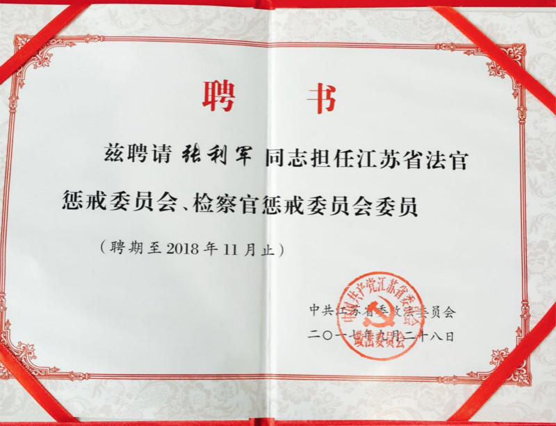 2017年10月13日上午,江蘇省法官懲戒委員會和省檢察官懲戒委員會會議在南京召開。會議通報了省法官懲戒委員會、省檢察官懲戒委員會組建情況;兩院有關領導對懲戒辦法和懲戒委員會工作規(guī)則作了說明;全體委員對懲戒辦法和懲戒委員會工作規(guī)則進行了審議;懲戒委員會主任作了講話。法德東恒張利軍主任出席了會議并受聘擔任江蘇省法官懲戒委員會、檢察官懲戒委員會委員。
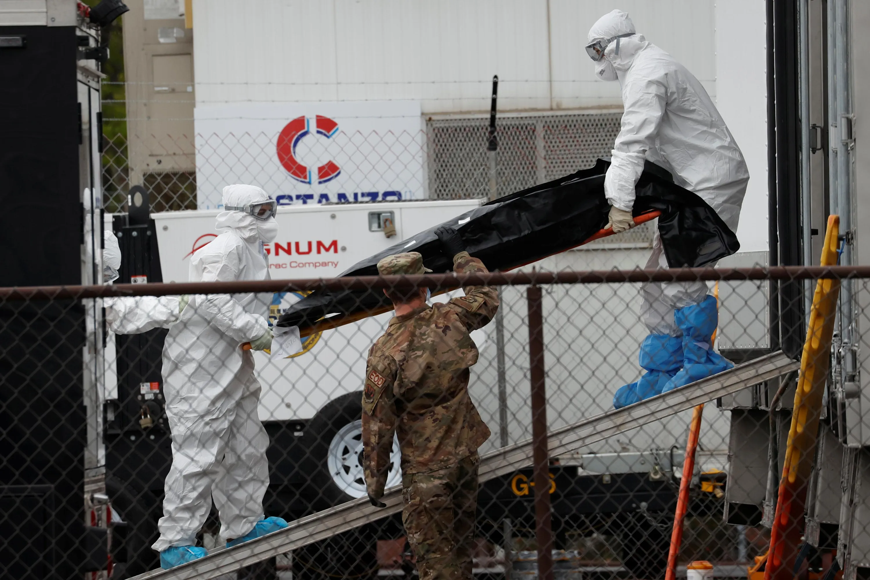 Workers wearing personal protective equipment (PPE) move the body of a deceased person from a refrigerated truck trailer set up at a temporary morgue outside University Hospital during the outbreak of the coronavirus disease (COVID-19) in Newark, New Jersey, U.S., May 6, 2020. (Photo by Mike Segar/Reuters)
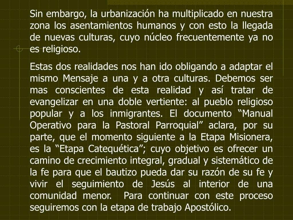 Sin embargo, la urbanización ha multiplicado en nuestra zona los asentamientos humanos y con esto la llegada de nuevas culturas, cuyo núcleo frecuentemente ya no es religioso. Estas dos realidades nos han ido obligando a adaptar el mismo Mensaje a una y a otra culturas. Debemos ser mas conscientes de esta realidad y así tratar de evangelizar en una doble vertiente: al pueblo religioso popular y a los inmigrantes. El documento “Manual Operativo para la Pastoral Parroquial” aclara, por su parte, que el momento siguiente a la Etapa Misionera, es la “Etapa Catequética”; cuyo objetivo es ofrecer un camino de crecimiento integral, gradual y sistemático de la fe para que el bautizo pueda dar su razón de su fe y vivir el seguimiento de Jesús al interior de una comunidad menor. Para continuar con este proceso seguiremos con la etapa de trabajo Apostólico.

= What to do =
Return the data above in its exact wording, with none of the pictures.

= Expected answer =
 2017年10月13日上午,江蘇省法官懲戒委員會和省檢察官懲戒委員會會議在南京召開。會議通報了省法官懲戒委員會、省檢察官懲戒委員會組建情況;兩院有關領導對懲戒辦法和懲戒委員會工作規(guī)則作了說明;全體委員對懲戒辦法和懲戒委員會工作規(guī)則進行了審議;懲戒委員會主任作了講話。法德東恒張利軍主任出席了會議并受聘擔任江蘇省法官懲戒委員會、檢察官懲戒委員會委員。
 Workers wearing personal protective equipment (PPE) move the body of a deceased person from a refrigerated truck trailer set up at a temporary morgue outside University Hospital during the outbreak of the coronavirus disease (COVID-19) in Newark, New Jersey, U.S., May 6, 2020. (Photo by Mike Segar/Reuters)
 Sin embargo, la urbanización ha multiplicado en nuestra zona los asentamientos humanos y con esto la llegada de nuevas culturas, cuyo núcleo frecuentemente ya no es religioso. Estas dos realidades nos han ido obligando a adaptar el mismo Mensaje a una y a otra culturas. Debemos ser mas conscientes de esta realidad y así tratar de evangelizar en una doble vertiente: al pueblo religioso popular y a los inmigrantes. El documento “Manual Operativo para la Pastoral Parroquial” aclara, por su parte, que el momento siguiente a la Etapa Misionera, es la “Etapa Catequética”; cuyo objetivo es ofrecer un camino de crecimiento integral, gradual y sistemático de la fe para que el bautizo pueda dar su razón de su fe y vivir el seguimiento de Jesús al interior de una comunidad menor. Para continuar con este proceso seguiremos con la etapa de trabajo Apostólico.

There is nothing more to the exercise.